* Data extracts *
+++++

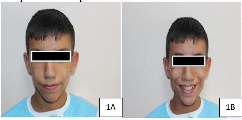
Figure 1A: Normal appearance Figure 1B: Crying facial expression when laughing

crying facial expression when laughing (Figure 1B). His neurological examination was normal. His laboratory results at admission were as follows: hemoglobin:8.7 g/dl, serum creatinine: 2.4 mg/dl and urea:82 mg/dl. On renal ultrasonography; bilateral hydroureteronephrosis, thinning of renal cortex and thickening of bladder wall were present. Bilateral grade 5 vesicoureteral reflux (VUR) (Figure 2A) and increased bladder capacity (Figure 2B) were detected in voiding cystourethrography. In urodynamic examination, flask neuropathic bladder was determined. His lumbosacral magnetic resonance imaging was normal. In dynamic renal scintigraphy, functions of left kidney were decreased and the right kidney was nonfunctioning. During follow-ups, he had episodes of pyelonephritis. At 12 years of age, he underwent right nephrectomy and left ureteroneocystostomy. Episodes of pyelonepritis continued to occur despite of clean intermitten catheterization and prophylactic antibiotherapy. He was put on hemodialysis due to chronic renal failure at 15 years of age. At 16 years of age, renal transplantation was performed.
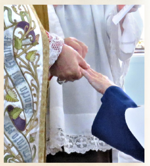
At perpetual profession, each Sister receives a gold ring, her daily reminder of her espousals to Christ.
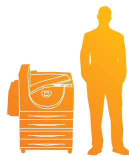
Phaser 5550DT with 1,000-sheet Feeder

W x D x H 5550N / DN: 640 x 525 x 498mm 5550DT: 640 x 525 x 778mm
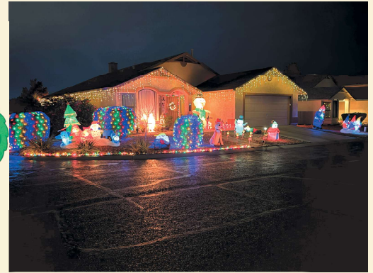
3rd Place - 4931 W Hurston
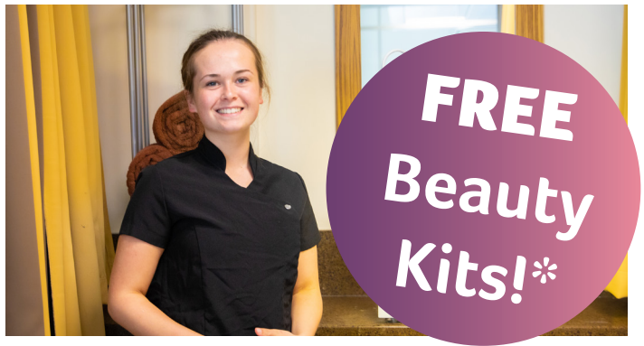
Subject to terms and conditions

We have a range of dedicated support and wellbeing services including FREE travel; FREE breakfast; dedicated Learning Development Mentors (LDMs); impartial advice and guidance; dedicated one-to-one support for learners with additional needs; and support with the cost of College, plus much more.
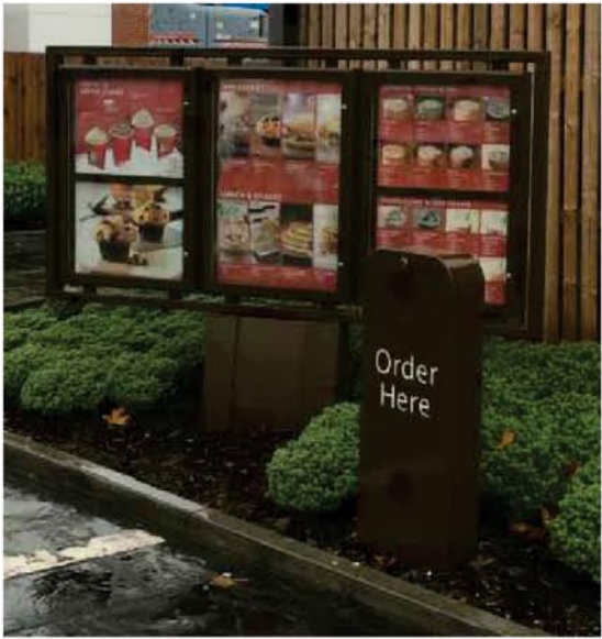
3 panel menu board and speaker post

+++++

* Task details *
Produce an exact copy of only those lines that run from the line with "3rd Place - 4931 W Hurston" to the final line of the records, including both; exclude images.

* Task output *
3rd Place - 4931 W Hurston
Subject to terms and conditions

We have a range of dedicated support and wellbeing services including FREE travel; FREE breakfast; dedicated Learning Development Mentors (LDMs); impartial advice and guidance; dedicated one-to-one support for learners with additional needs; and support with the cost of College, plus much more.
3 panel menu board and speaker post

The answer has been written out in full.